Summary

### Monte Carlo Methods

Monte Carlo methods - even though the underlying problem involves a great degree of randomness, we can infer useful information that we can trust just by collecting a lot of samples.
The equiprobable random policy is the stochastic policy where - from each state - the agent randomly selects from the set of available actions, and each action is selected with equal probability.

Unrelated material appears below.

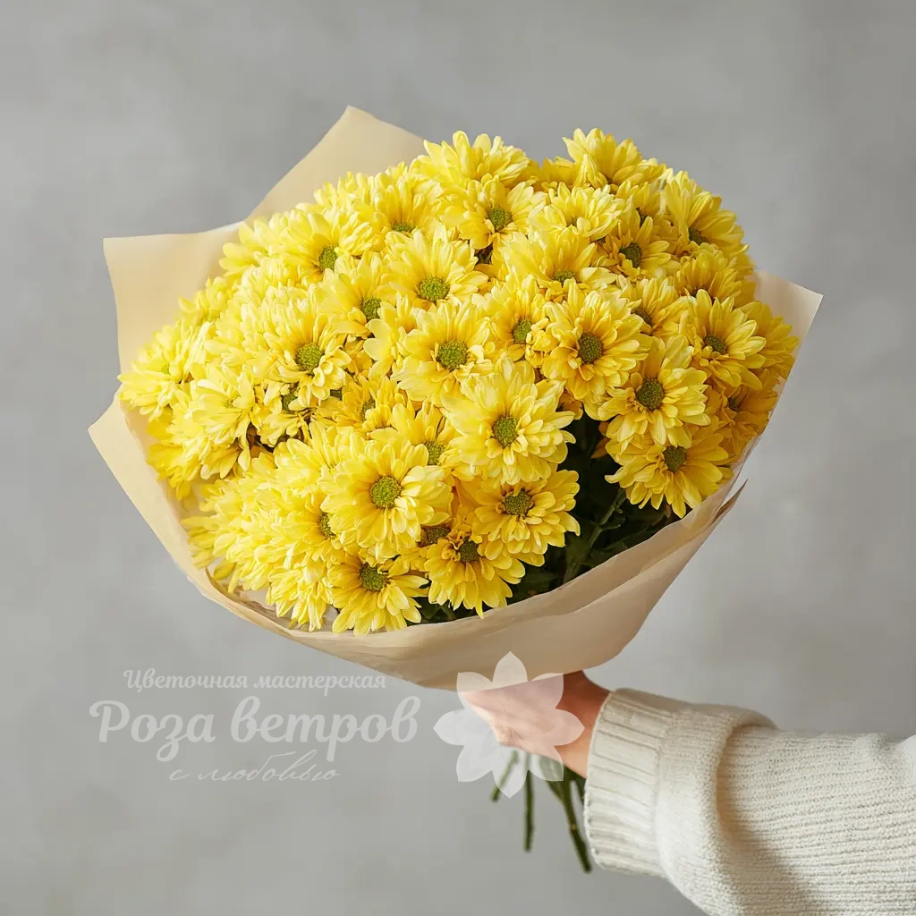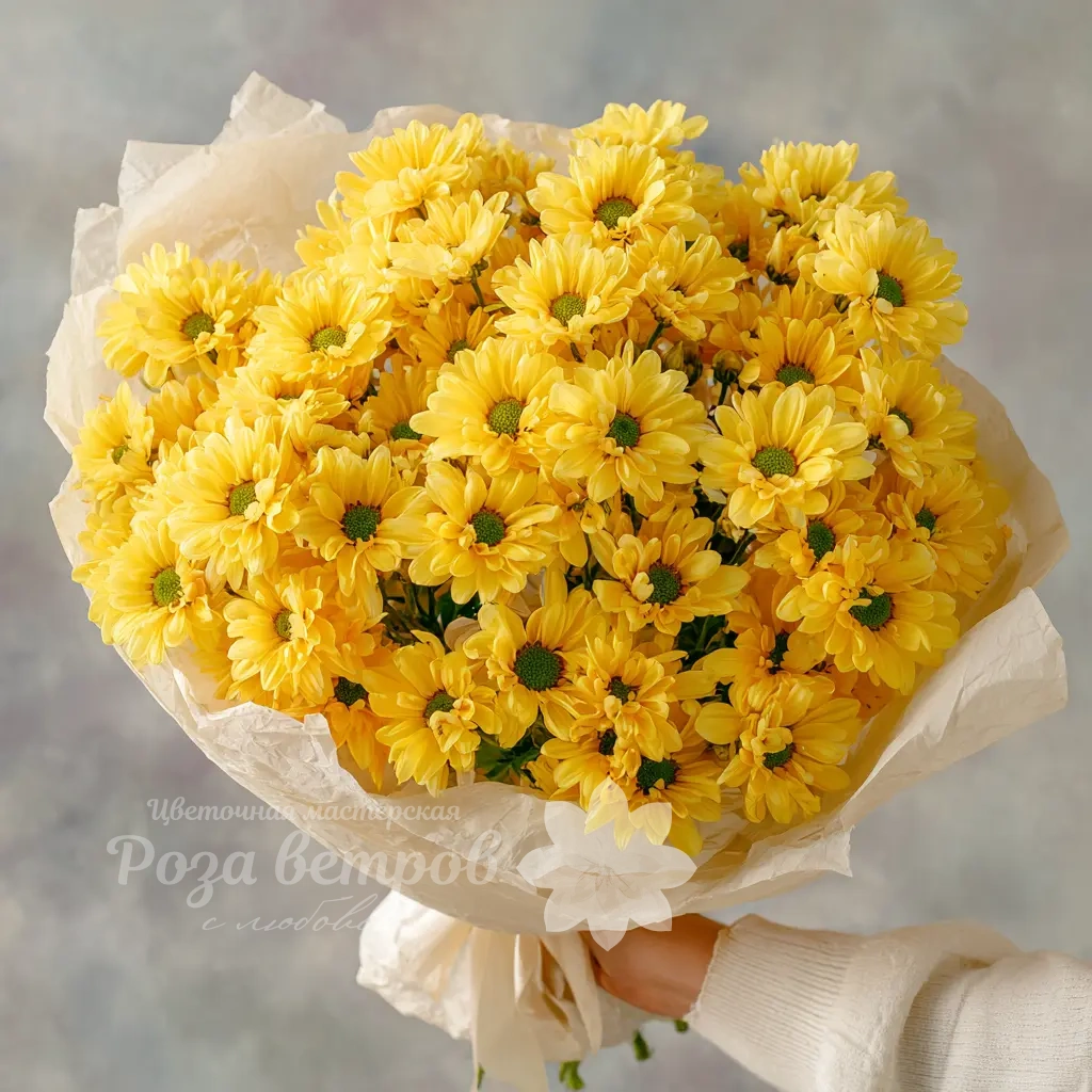 Яркий и солнечный букет, наполненный жизнерадостной энергией. Кустовые хризантемы образуют пышную и живую форму — отличное решение для доброго утреннего подарка или поздравления друга.

Algorithms that solve the prediction problem determine the value function v_\pi (or q_\pi) corresponding to a policy \pi.
When working with finite MDPs, we can estimate the action-value function q_\pi corresponding to a policy \pi in a table known as a Q-table. This table has one row for each state and one column for each action. The entry in the s-th row and a-th column contains the agent's estimate for expected return that is likely to follow, if the agent starts in state s, selects action a, and then henceforth follows the policy \pi.
Each occurrence of the state-action pair s,a (s\in\mathcal{S},a\in\mathcal{A}) in an episode is called a visit to s,a.
There are two types of MC prediction methods (for estimating q_\pi):
- First-visit MC estimates q_\pi(s,a) as the average of the returns following only first visits to s,a (that is, it ignores returns that are associated to later visits).
- Every-visit MC estimates q_\pi(s,a) as the average of the returns following all visits to s,a.

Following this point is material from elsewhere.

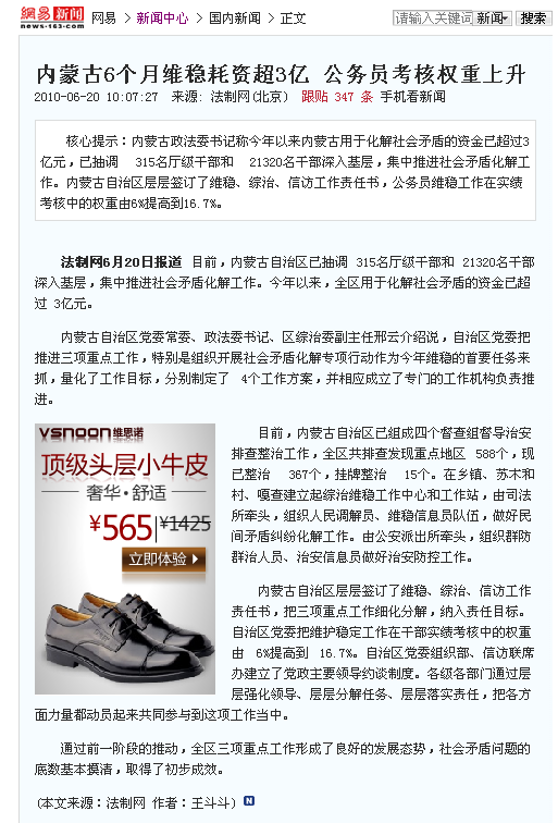 内蒙古半年维稳耗资超3亿 占官员考核比重上升

A policy is greedy with respect to an action-value function estimate Q if for every state s\in\mathcal{S}, it is guaranteed to select an action a\in\mathcal{A}(s) such that a = \arg\max_{a\in\mathcal{A}(s)}Q(s,a). (It is common to refer to the selected action as the greedy action.)
In the case of a finite MDP, the action-value function estimate is represented in a Q-table. Then, to get the greedy action(s), for each row in the table, we need only select the action (or actions) corresponding to the column(s) that maximize the row.

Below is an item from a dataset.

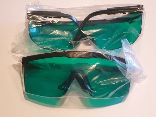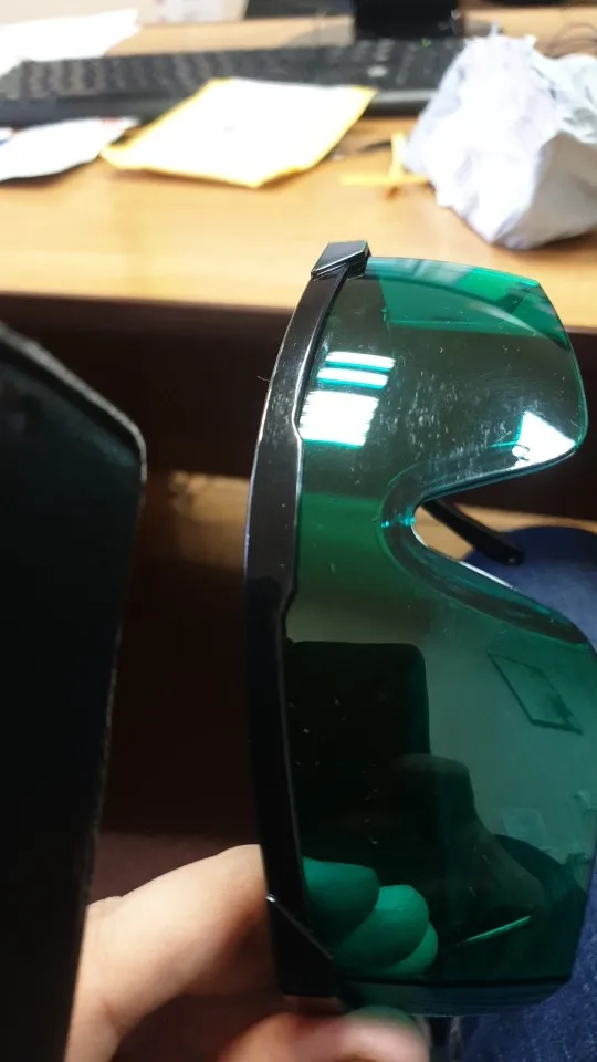Очки с красными линзами низкого качества и нестеклянные линзы с вместо указанных в спецификациях, протестированы при использовании зеленой лазерной указки 5 МВт с 532 нм волны, защита очков абсолютно бесполезна, даже если я приложил лазер к стене, Но пол отражается и поэтому может удариться по глазам из-за каких-либо скачков луча, но, используя очки, я увидел, что лазер был в состоянии проникать слишком сильно, несмотря на то, что опустить голову, чтобы избежать этого, и что я в последующий раз увидел некоторые признаки для глаз.

A policy is \epsilon-greedy with respect to an action-value function estimate Q if for every state s\in\mathcal{S},
- with probability 1-\epsilon, the agent selects the greedy action, and
- with probability \epsilon, the agent selects an action uniformly at random from the set of available (non-greedy AND greedy) actions.

Algorithms designed to solve the control problem determine the optimal policy \pi_* from interaction with the environment.
The Monte Carlo control method uses alternating rounds of policy evaluation and improvement to recover the optimal policy.

All reinforcement learning agents face the Exploration-Exploitation Dilemma, where they must find a way to balance the drive to behave optimally based on their current knowledge (exploitation) and the need to acquire knowledge to attain better judgment (exploration).
In order for MC control to converge to the optimal policy, the Greedy in the Limit with Infinite Exploration (GLIE) conditions must be met:
- every state-action pair s, a (for all s\in\mathcal{S} and a\in\mathcal{A}(s)) is visited infinitely many times, and
- the policy converges to a policy that is greedy with respect to the action-value function estimate Q.

(In this concept, we amended the policy evaluation step to update the Q-table after every episode of interaction.)

(In this concept, we derived the algorithm for constant-\alpha MC control, which uses a constant step-size parameter \alpha.)
The step-size parameter \alpha must satisfy 0 < \alpha \leq 1. Higher values of \alpha will result in faster learning, but values of \alpha that are too high can prevent MC control from converging to \pi_*.